**Exercise data**

□ □ □ □ □

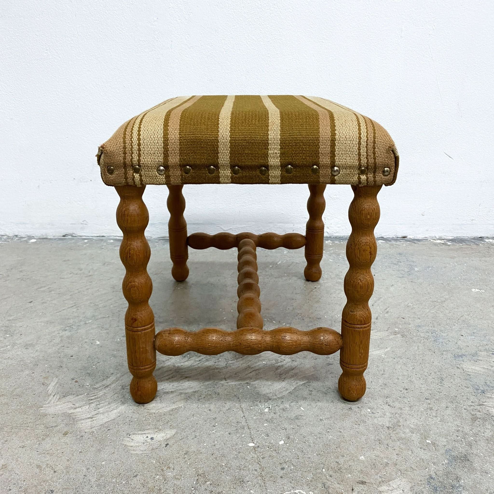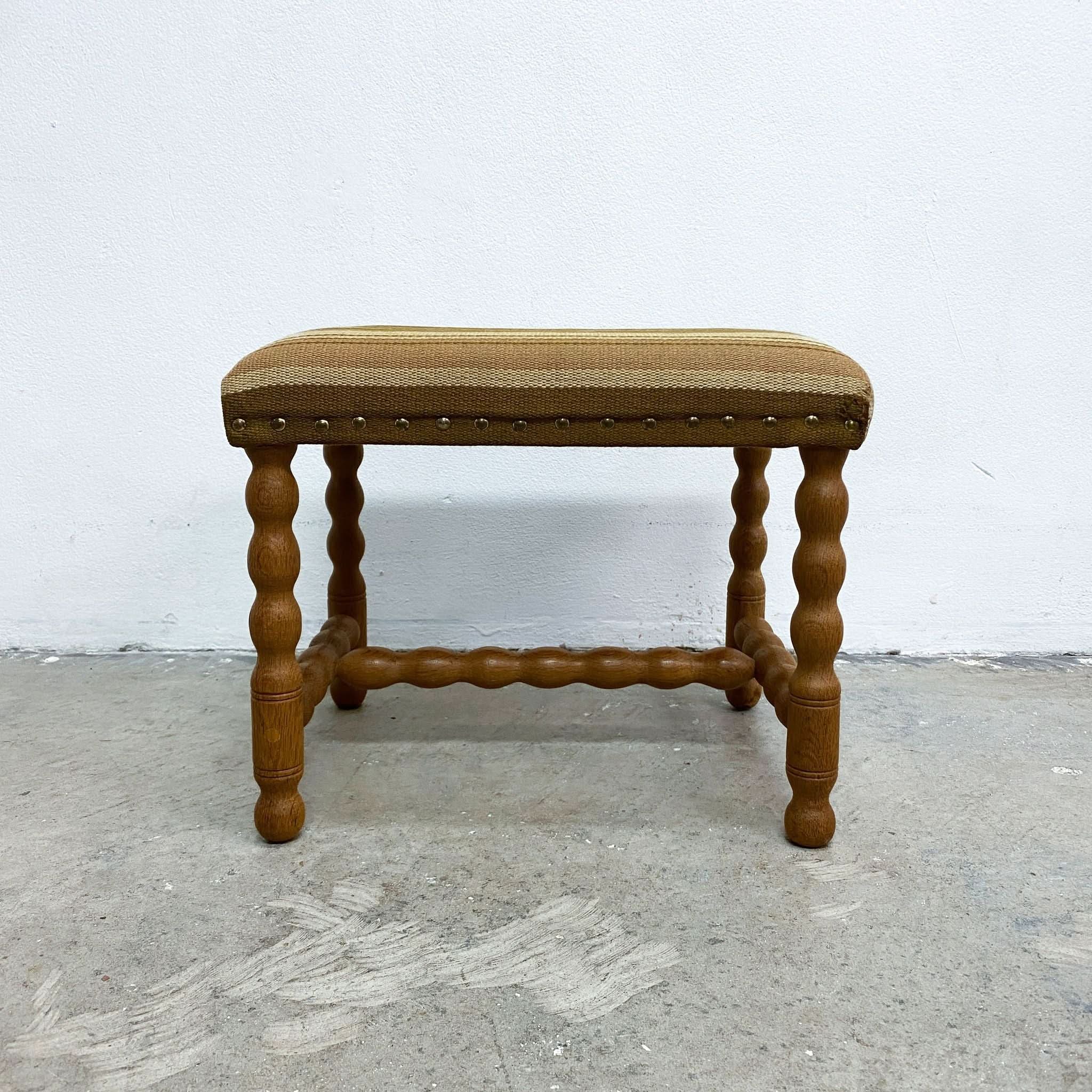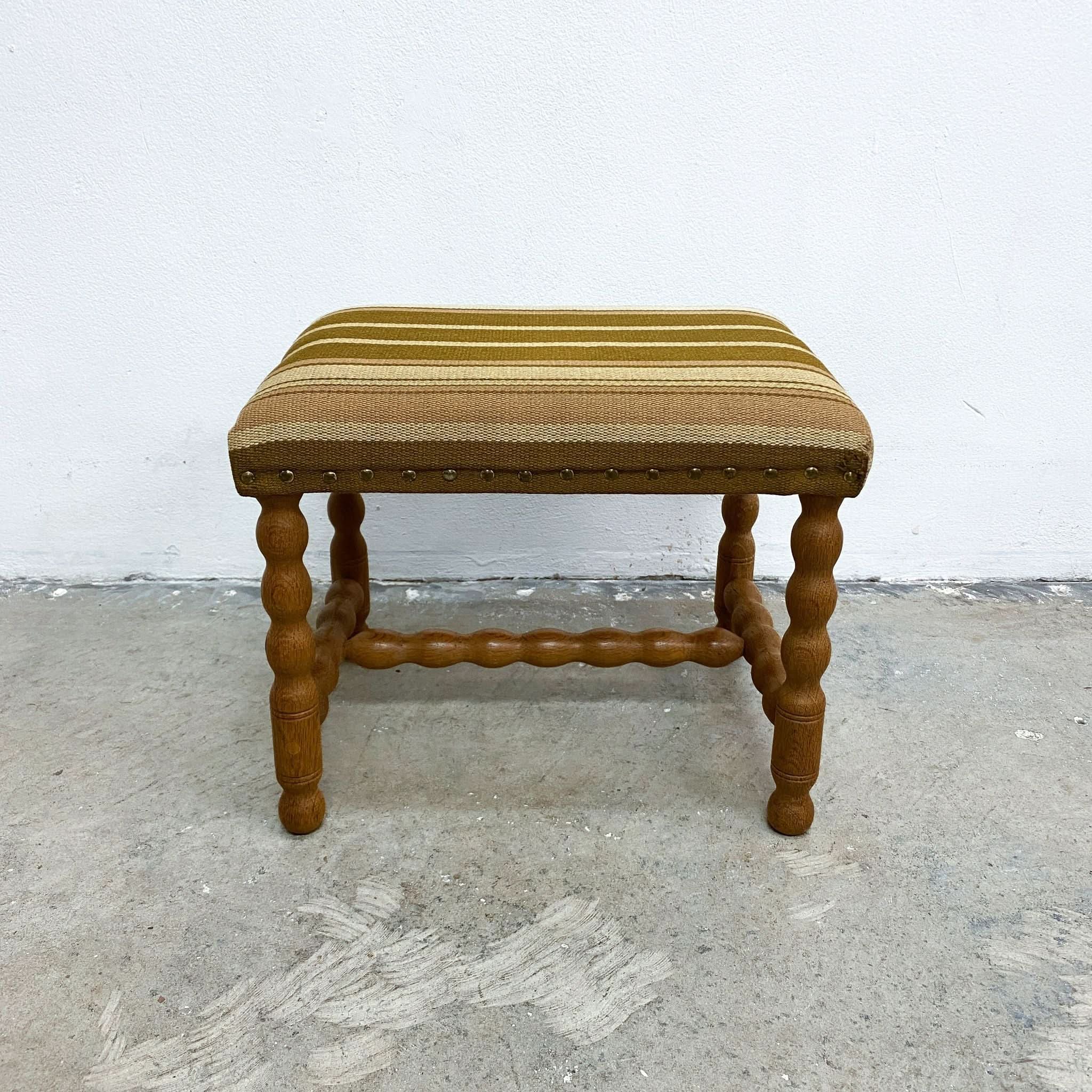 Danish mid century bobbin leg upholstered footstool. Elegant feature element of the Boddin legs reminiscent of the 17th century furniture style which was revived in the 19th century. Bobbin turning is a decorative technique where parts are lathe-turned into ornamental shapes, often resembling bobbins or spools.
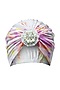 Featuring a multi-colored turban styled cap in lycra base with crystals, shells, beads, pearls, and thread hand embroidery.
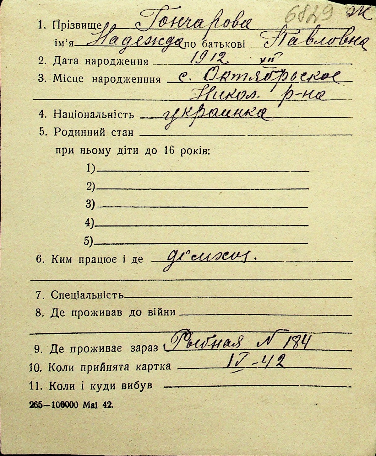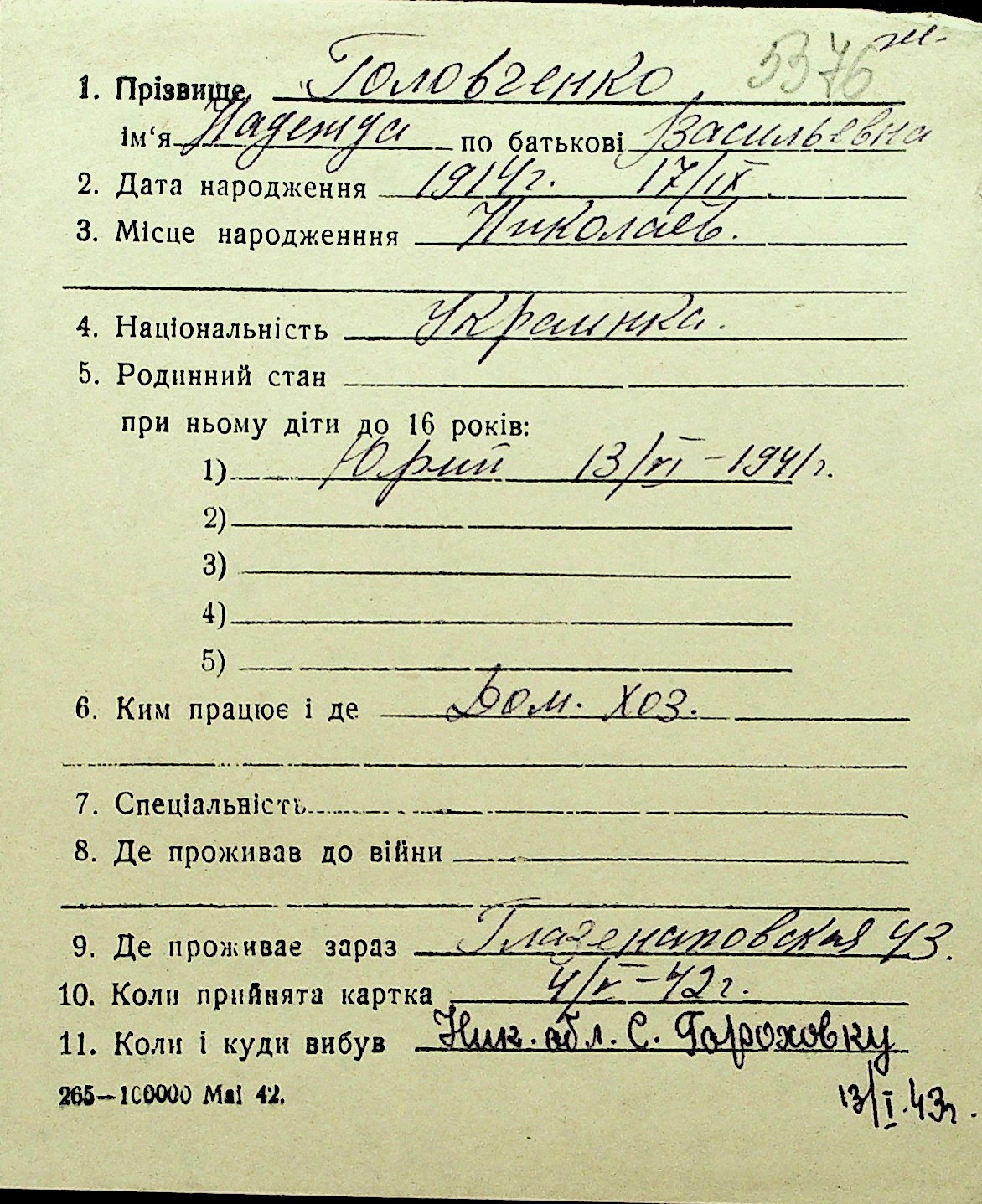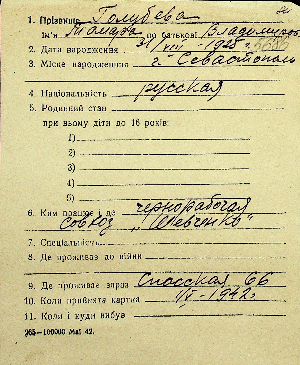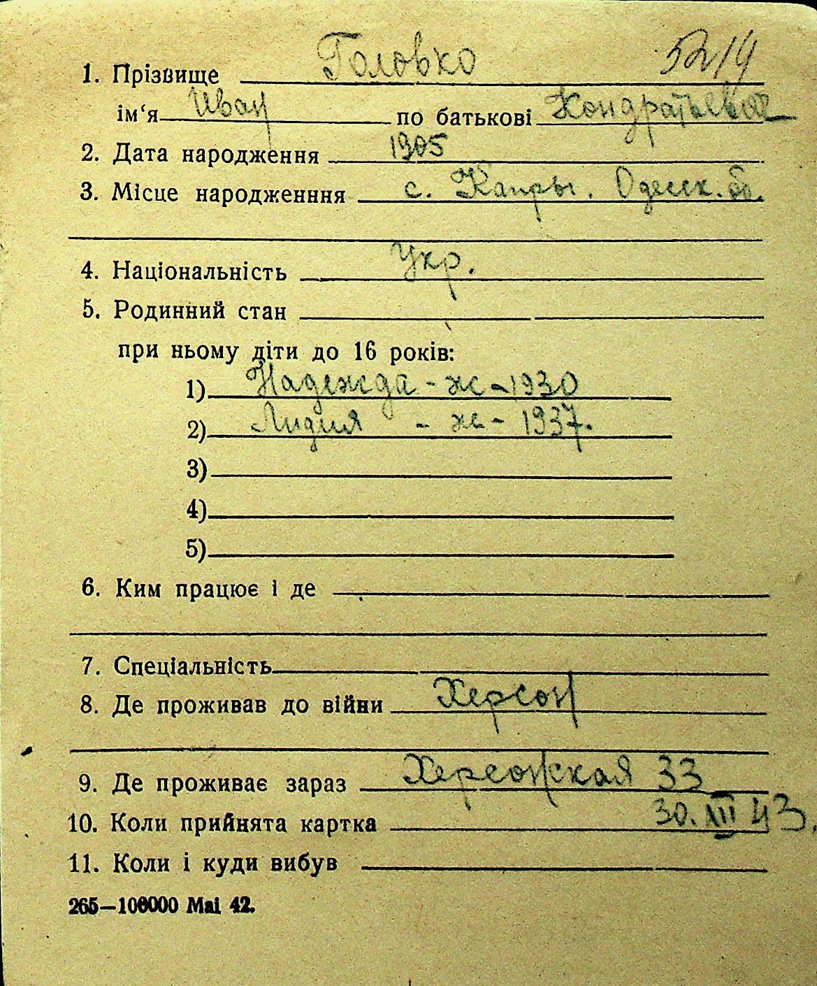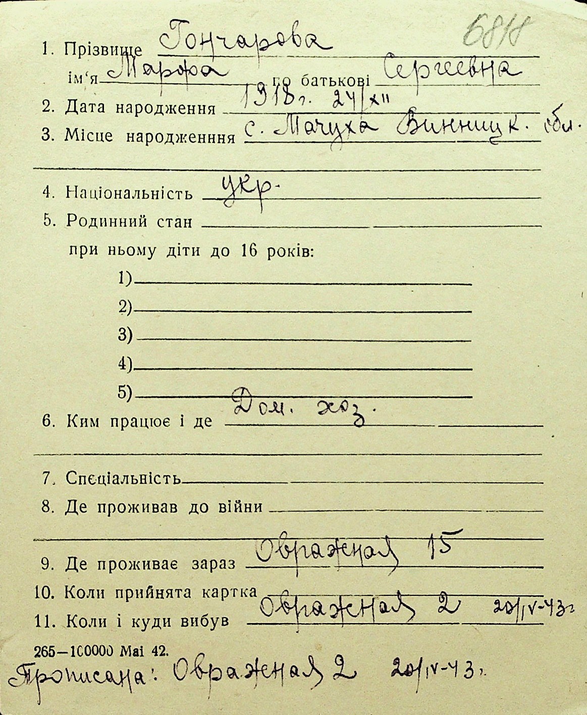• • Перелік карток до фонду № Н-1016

□ □ □ □ □

**Problem statement**
Across the whole listing above, repeat each line exactly and leave out the images.

**Task answer**
 Danish mid century bobbin leg upholstered footstool. Elegant feature element of the Boddin legs reminiscent of the 17th century furniture style which was revived in the 19th century. Bobbin turning is a decorative technique where parts are lathe-turned into ornamental shapes, often resembling bobbins or spools.
 Featuring a multi-colored turban styled cap in lycra base with crystals, shells, beads, pearls, and thread hand embroidery.
• • Перелік карток до фонду № Н-1016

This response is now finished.